#### Excerpted data ####

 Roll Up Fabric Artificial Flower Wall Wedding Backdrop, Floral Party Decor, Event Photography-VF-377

####
#### Excerpted data ####

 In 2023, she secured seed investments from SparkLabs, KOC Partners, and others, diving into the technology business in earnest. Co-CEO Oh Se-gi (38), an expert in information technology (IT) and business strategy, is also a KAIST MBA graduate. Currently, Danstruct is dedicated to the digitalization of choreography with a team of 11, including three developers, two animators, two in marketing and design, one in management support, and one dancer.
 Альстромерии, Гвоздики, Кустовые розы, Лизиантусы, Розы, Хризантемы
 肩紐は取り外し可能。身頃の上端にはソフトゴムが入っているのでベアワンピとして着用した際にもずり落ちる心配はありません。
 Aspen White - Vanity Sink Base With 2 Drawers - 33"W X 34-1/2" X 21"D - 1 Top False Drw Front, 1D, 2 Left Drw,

####

### Assigned task
In the listing above, the lines from the one containing "肩紐は取り外し可能。身頃の上" through the one containing "Aspen White - Vanity" must be set down exactly, with no other lines.

### Written answer
 肩紐は取り外し可能。身頃の上端にはソフトゴムが入っているのでベアワンピとして着用した際にもずり落ちる心配はありません。
 Aspen White - Vanity Sink Base With 2 Drawers - 33"W X 34-1/2" X 21"D - 1 Top False Drw Front, 1D, 2 Left Drw,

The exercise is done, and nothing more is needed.